▶ [Assigned task]: Copy the records below exactly, omitting any pictures they contain.

Items from a dataset
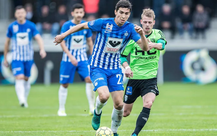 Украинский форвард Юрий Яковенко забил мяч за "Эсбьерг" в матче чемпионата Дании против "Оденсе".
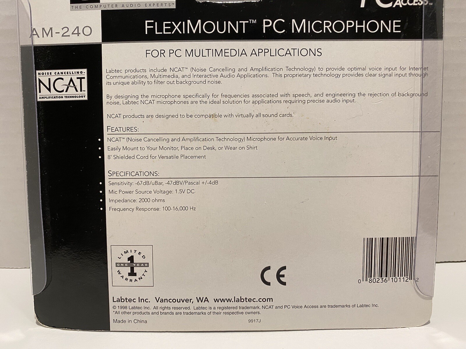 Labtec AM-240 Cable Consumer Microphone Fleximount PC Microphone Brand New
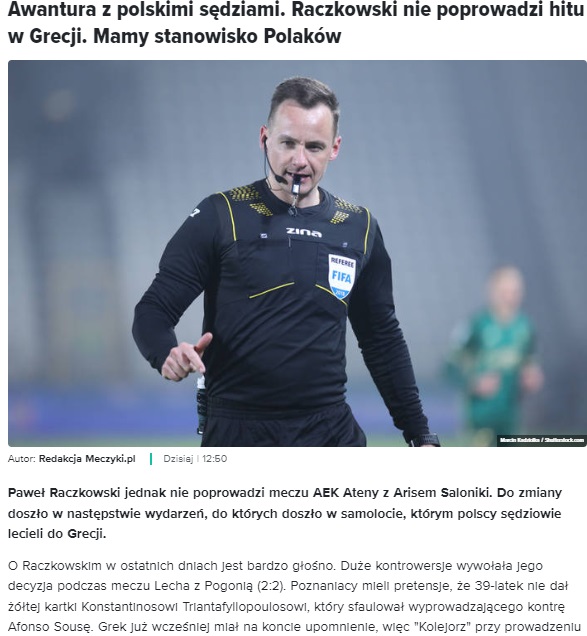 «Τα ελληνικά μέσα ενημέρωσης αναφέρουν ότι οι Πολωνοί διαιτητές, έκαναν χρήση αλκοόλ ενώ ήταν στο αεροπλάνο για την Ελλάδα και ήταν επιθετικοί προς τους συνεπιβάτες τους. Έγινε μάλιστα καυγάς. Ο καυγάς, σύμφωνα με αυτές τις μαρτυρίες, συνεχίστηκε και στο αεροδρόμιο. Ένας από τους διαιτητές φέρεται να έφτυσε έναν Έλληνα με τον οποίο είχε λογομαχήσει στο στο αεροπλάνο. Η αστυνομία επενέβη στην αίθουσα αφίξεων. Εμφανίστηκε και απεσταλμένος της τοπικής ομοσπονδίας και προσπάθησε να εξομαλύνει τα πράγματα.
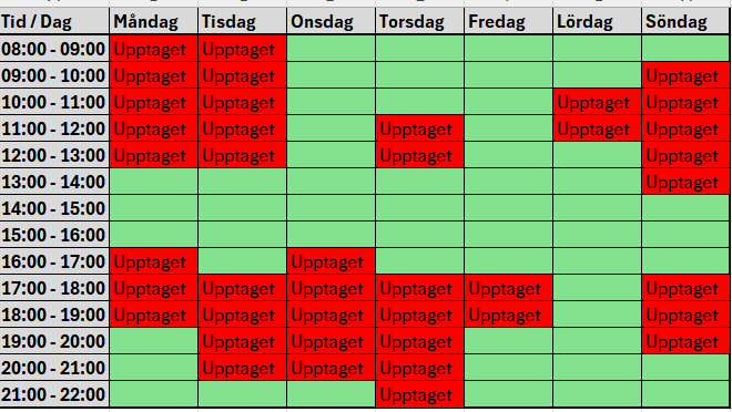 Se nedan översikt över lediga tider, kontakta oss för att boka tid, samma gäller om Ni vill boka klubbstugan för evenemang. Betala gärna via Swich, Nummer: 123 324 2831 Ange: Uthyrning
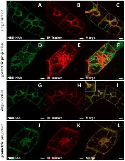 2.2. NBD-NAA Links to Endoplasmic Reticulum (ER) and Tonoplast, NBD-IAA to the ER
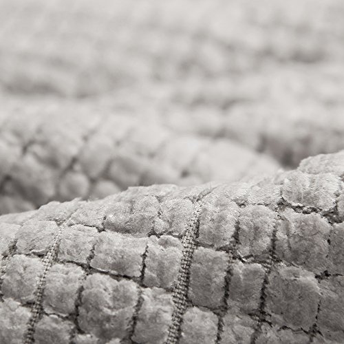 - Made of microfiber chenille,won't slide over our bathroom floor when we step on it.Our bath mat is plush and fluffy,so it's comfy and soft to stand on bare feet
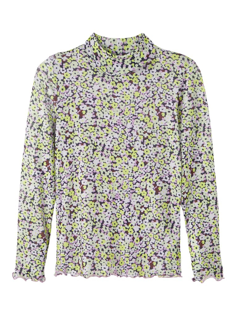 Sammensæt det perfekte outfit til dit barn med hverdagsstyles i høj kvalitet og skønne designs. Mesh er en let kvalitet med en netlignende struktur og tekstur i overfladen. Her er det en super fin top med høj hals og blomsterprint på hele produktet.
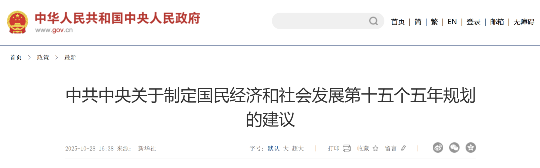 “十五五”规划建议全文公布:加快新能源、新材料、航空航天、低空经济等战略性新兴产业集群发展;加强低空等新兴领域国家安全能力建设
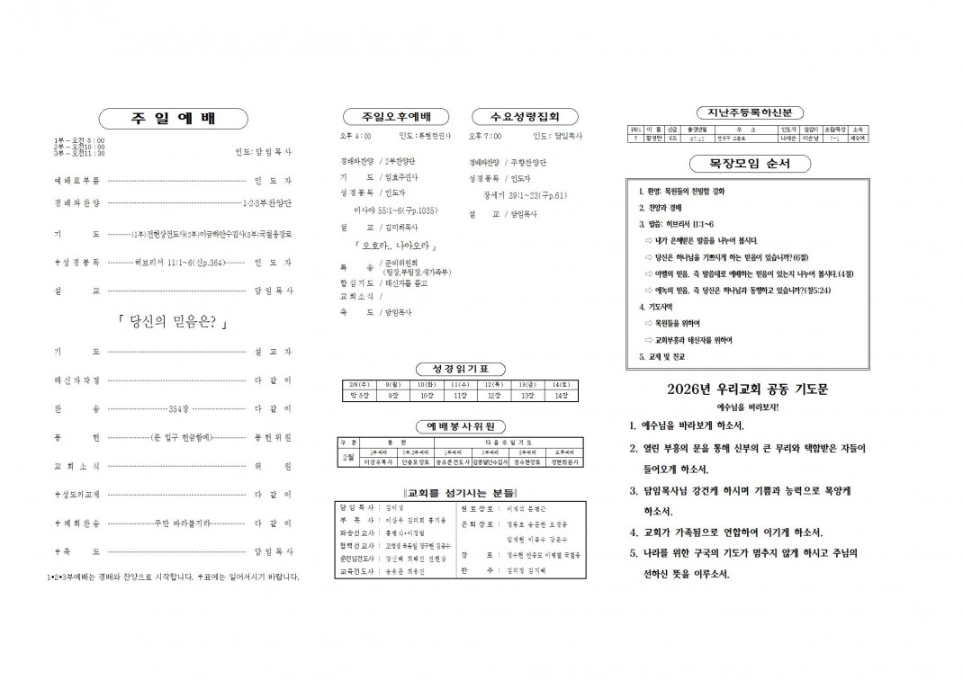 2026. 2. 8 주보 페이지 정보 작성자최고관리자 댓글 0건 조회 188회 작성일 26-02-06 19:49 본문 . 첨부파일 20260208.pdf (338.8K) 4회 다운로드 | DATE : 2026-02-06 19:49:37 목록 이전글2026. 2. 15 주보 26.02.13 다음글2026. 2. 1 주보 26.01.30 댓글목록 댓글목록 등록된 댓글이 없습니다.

▶ [Answer box]:
 Украинский форвард Юрий Яковенко забил мяч за "Эсбьерг" в матче чемпионата Дании против "Оденсе".
 Labtec AM-240 Cable Consumer Microphone Fleximount PC Microphone Brand New
 «Τα ελληνικά μέσα ενημέρωσης αναφέρουν ότι οι Πολωνοί διαιτητές, έκαναν χρήση αλκοόλ ενώ ήταν στο αεροπλάνο για την Ελλάδα και ήταν επιθετικοί προς τους συνεπιβάτες τους. Έγινε μάλιστα καυγάς. Ο καυγάς, σύμφωνα με αυτές τις μαρτυρίες, συνεχίστηκε και στο αεροδρόμιο. Ένας από τους διαιτητές φέρεται να έφτυσε έναν Έλληνα με τον οποίο είχε λογομαχήσει στο στο αεροπλάνο. Η αστυνομία επενέβη στην αίθουσα αφίξεων. Εμφανίστηκε και απεσταλμένος της τοπικής ομοσπονδίας και προσπάθησε να εξομαλύνει τα πράγματα.
 Se nedan översikt över lediga tider, kontakta oss för att boka tid, samma gäller om Ni vill boka klubbstugan för evenemang. Betala gärna via Swich, Nummer: 123 324 2831 Ange: Uthyrning
 2.2. NBD-NAA Links to Endoplasmic Reticulum (ER) and Tonoplast, NBD-IAA to the ER
 - Made of microfiber chenille,won't slide over our bathroom floor when we step on it.Our bath mat is plush and fluffy,so it's comfy and soft to stand on bare feet
 Sammensæt det perfekte outfit til dit barn med hverdagsstyles i høj kvalitet og skønne designs. Mesh er en let kvalitet med en netlignende struktur og tekstur i overfladen. Her er det en super fin top med høj hals og blomsterprint på hele produktet.
 “十五五”规划建议全文公布:加快新能源、新材料、航空航天、低空经济等战略性新兴产业集群发展;加强低空等新兴领域国家安全能力建设
 2026. 2. 8 주보 페이지 정보 작성자최고관리자 댓글 0건 조회 188회 작성일 26-02-06 19:49 본문 . 첨부파일 20260208.pdf (338.8K) 4회 다운로드 | DATE : 2026-02-06 19:49:37 목록 이전글2026. 2. 15 주보 26.02.13 다음글2026. 2. 1 주보 26.01.30 댓글목록 댓글목록 등록된 댓글이 없습니다.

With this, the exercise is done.